Sexual transmission - One can be infected with HIV virus by oral, vaginal or anal sex if blood, semen or vaginal secretion of infected partner enters the body of another. It enters through small vaginal or rectal tears. Presence of any sexually transmitted disease increases the risk of catching HIV virus. Sperimicide can also increase the risk since it irritates lining of vagina that can lead to tears which allow the virus to enter. Through infected blood – In rare cases, especially in the past this could happen during blood transfusion. Hospital and blood banks are nowadays testing the blood for HIV therefore the risk of getting the virus is significantly decreased. Through sharing the same needle or accidental needle sticks– Those who are taking injected drugs are at high risk if share the needle with infected person. If you are in this group, always take sterile needles and syringes for one use only. Accidental needle sticks can happen between infected and medical workers but the risk is less than 1 percent.

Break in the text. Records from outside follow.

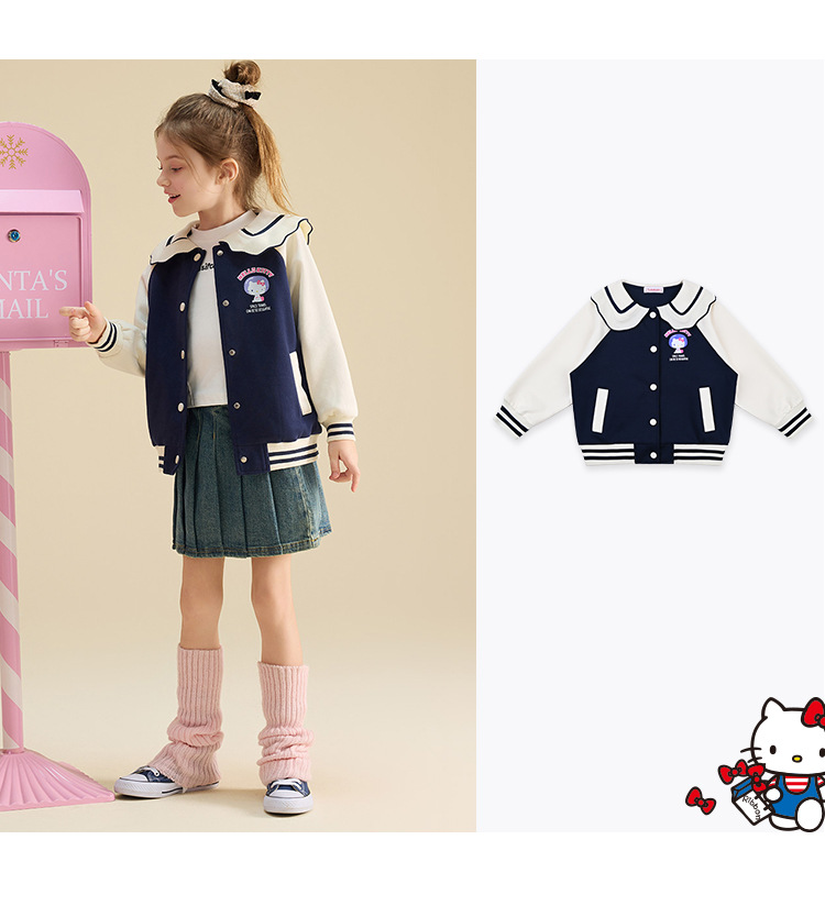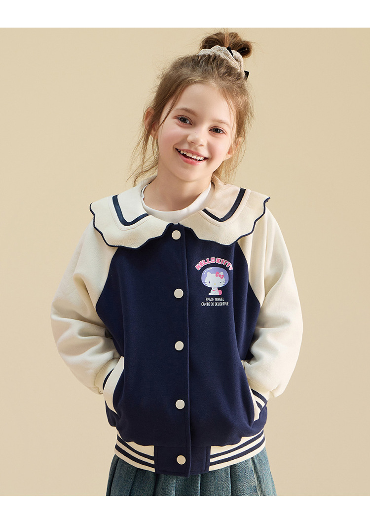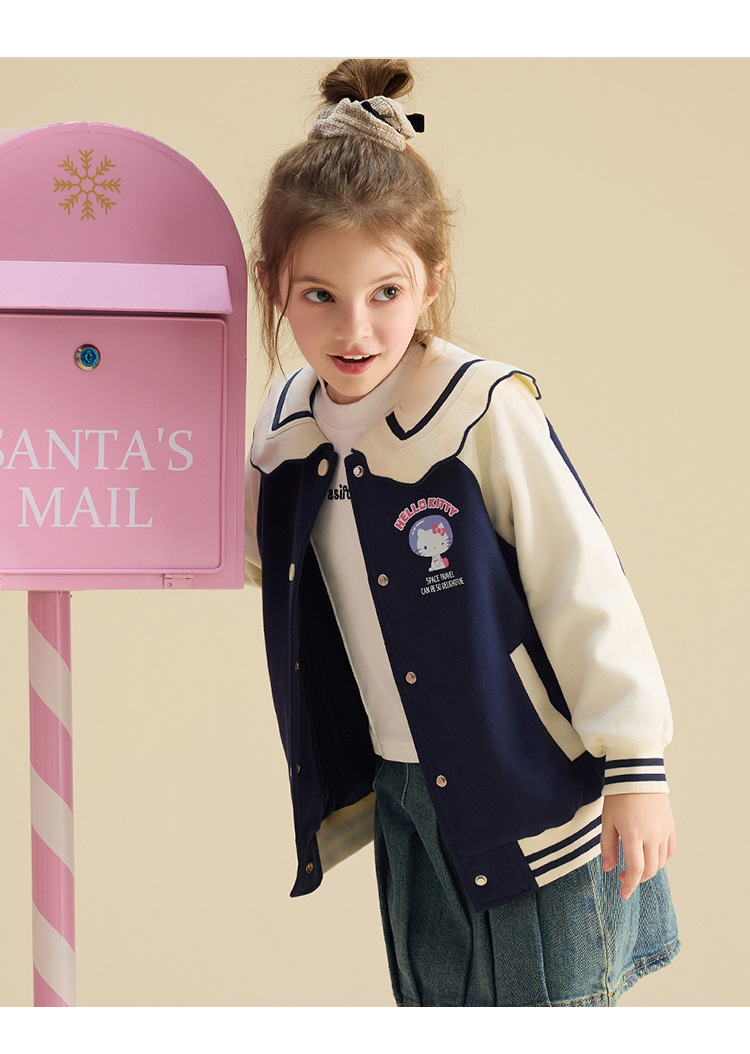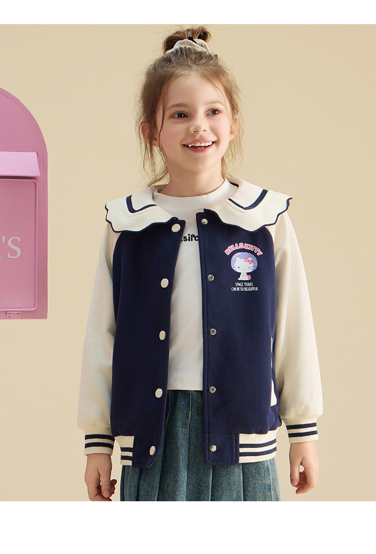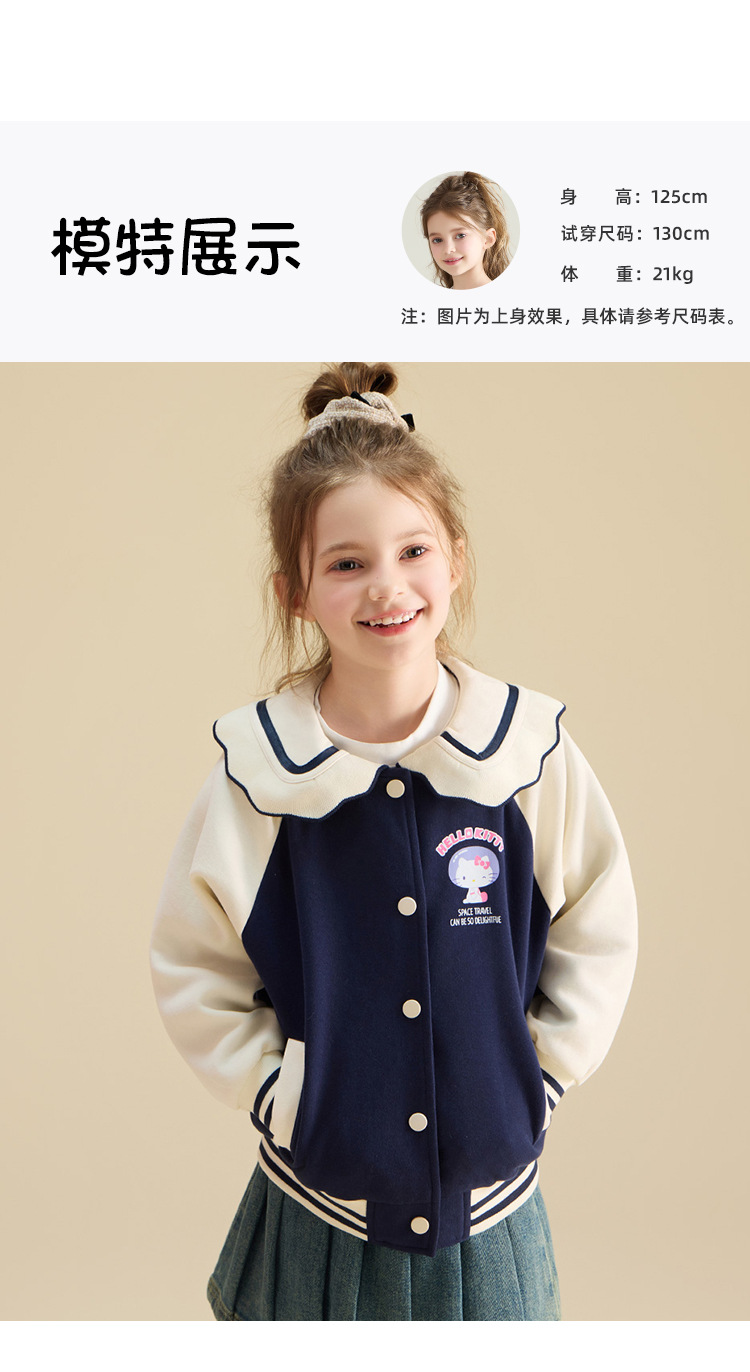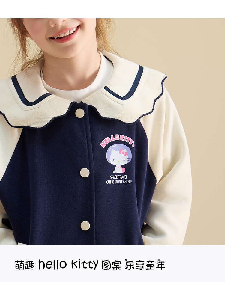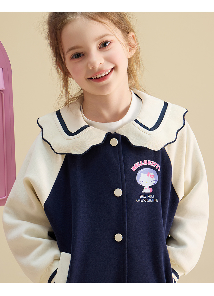 HelloKitty Hello Kitty девушка осень пальто 2024 новая маленькая девочка большой военно-морской спорт большой детской одежды
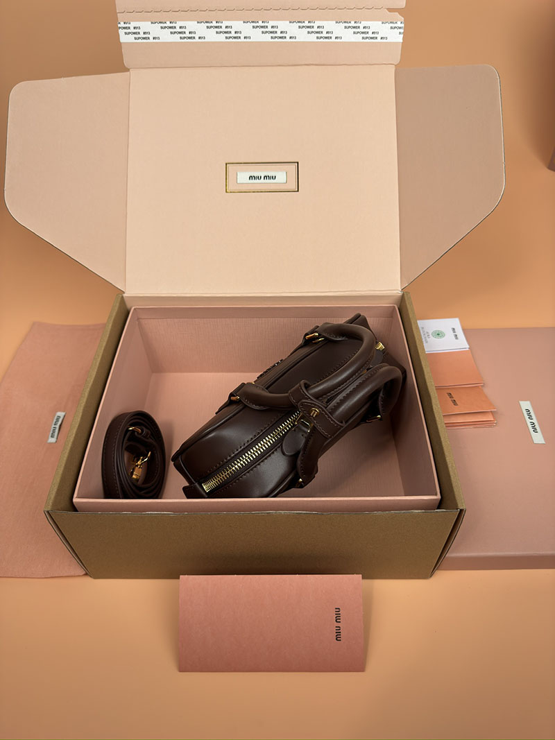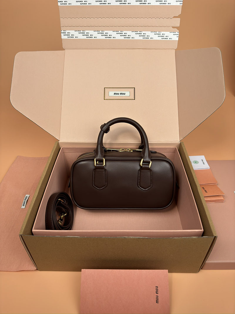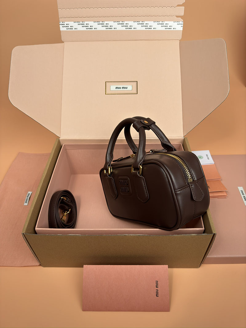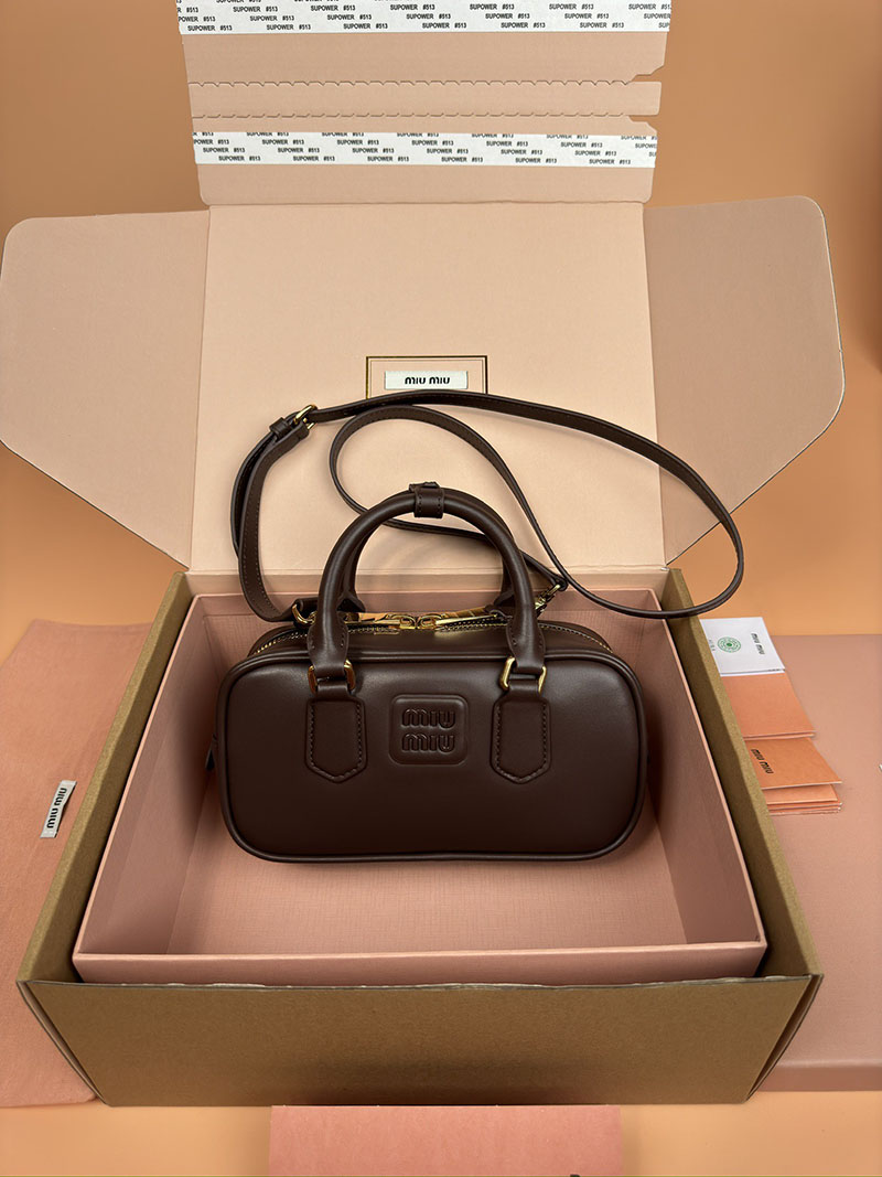 MiuMiu アルカディ レザー バッグ ブラウン 5BB142_2CR3_F0NBL_V_OON ゴールド金具 買って よかった ハイブランドバッグ
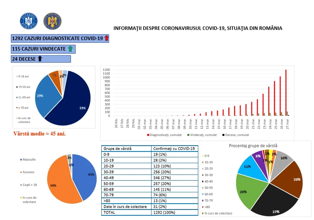 GALERIE FOTO: BILANȚ CORONAVIRUS | Numărul infectărilor a ajuns la 1.292 în România. 263 noi cazuri în ultimele 24 de ore / Bilanțul morților a ajuns la 24
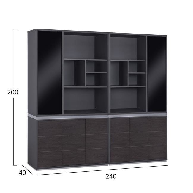 Разполага с шест шкафа с вътрешен рафт в долната част, два стъклени шкафа в горната част с по два вътрешни рафта и десет отворени места за съхранение.
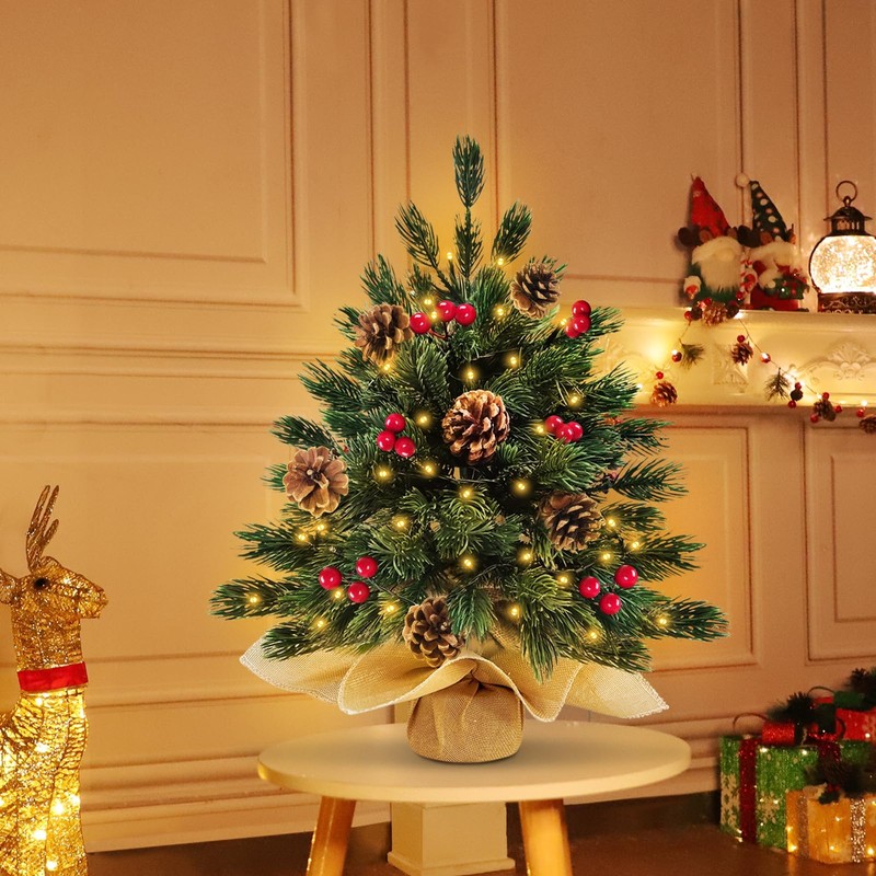 18 Inch 50 LED Thick Tabletop Prelit Christmas Tree Realistic Feel Lights with Timer Battery Operated 18 Red Berries 6 Pine Cone Artificial Xmas Spruce Tree Christmas Decorations Indoor Home Party
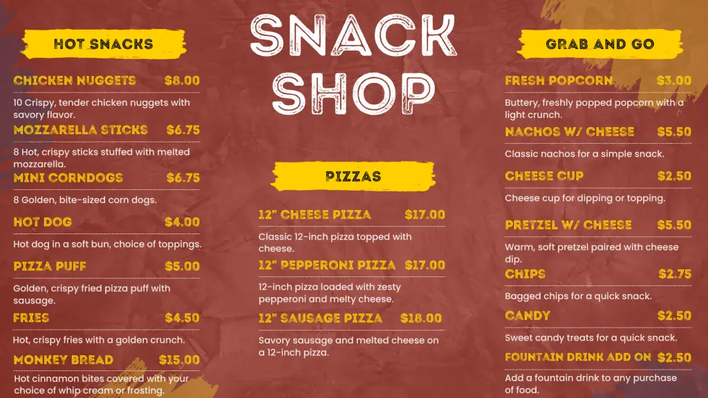 Enjoy all kinds of snacks and food from Zig-E’s Snack Shop!
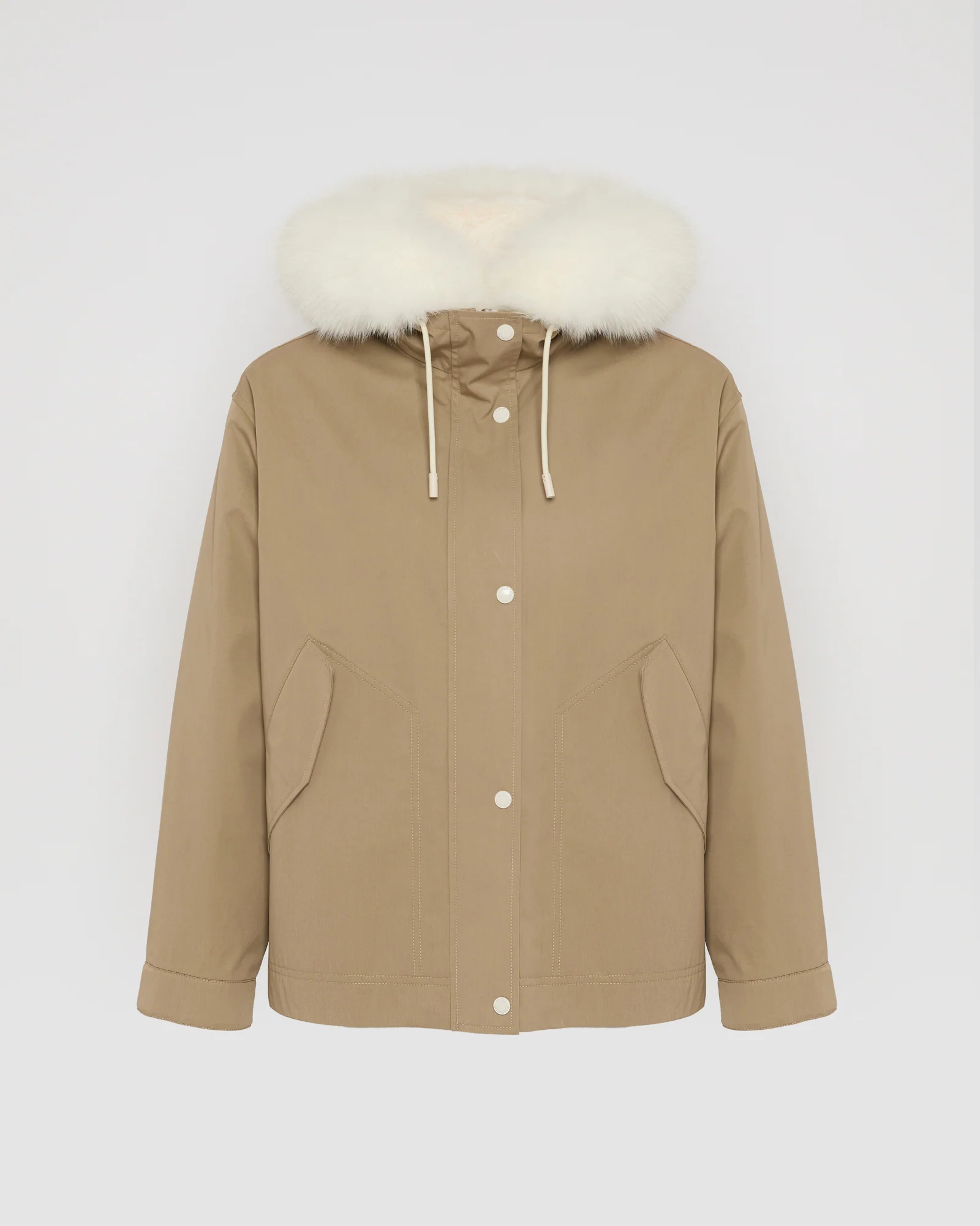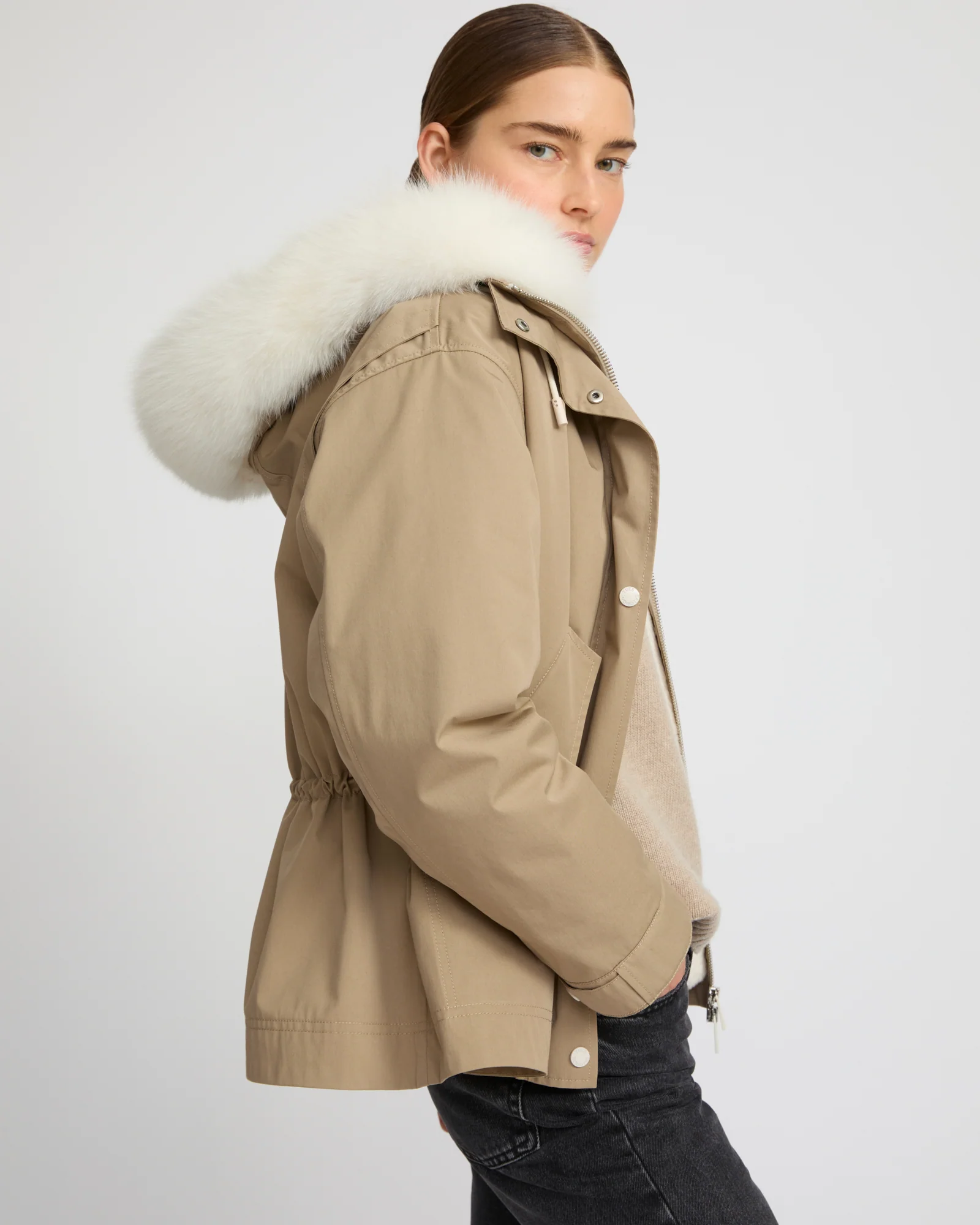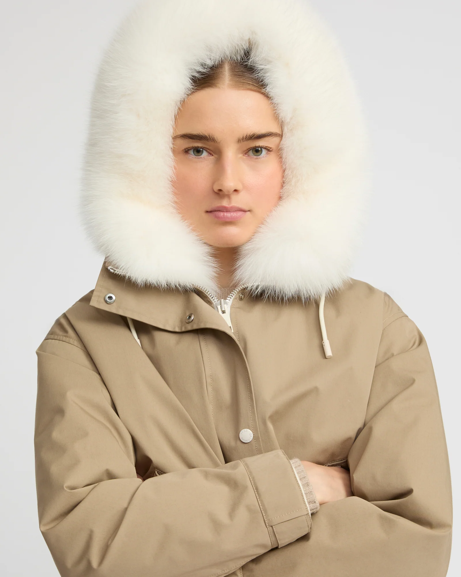Une forme courte et « boxy » pour cette parka, qui peut aussi se porter resserrée à la taille. La veste a été testée jusqu’à -10°C pour garantir une protection parfaite contre le froid, et sa matière en coton imperméable résiste aux intempéries. Un tour de capuche amovible en fourrure de renard aux poils longs, et une doublure corps en fourrure de lapin rasé, également amovible, proposent des options supplémentaires pour le style et la chaleur.

From mother to child – Infants can be infected during pregnancy, delivery or breast feeding. Approximately, 600,000 children acquire the virus this way each year. In US most women are screened during pre natal care for HIV virus. If present, risk can be reduced by treatment received during pregnancy. Also, cesarean section is recommended in such cases to reduce transmission during labor. Other ways – Rarely the HIV virus can be transmitted through transplanted organ or because of surgical or dental tools that are not sterilized. Risk of this HIV disease is increased in cases of unprotected sex especially with many partners. Anyone can be infected if not using condom during every sexual intercourse. If you have any other sexually transmitted disease like syphilis, chlamydia, gonorrhea, or herpes you can easily be infected. In case you received blood transfusion before 1985 or have insufficient copies of CCL3L1 gene that aids in fighting HIV you are at greater risk. Sharing needles during IV drug use increase the risk as well.

You cannot be infected in everyday contacts (kissing, hugging, shaking hands) with HIV infected person.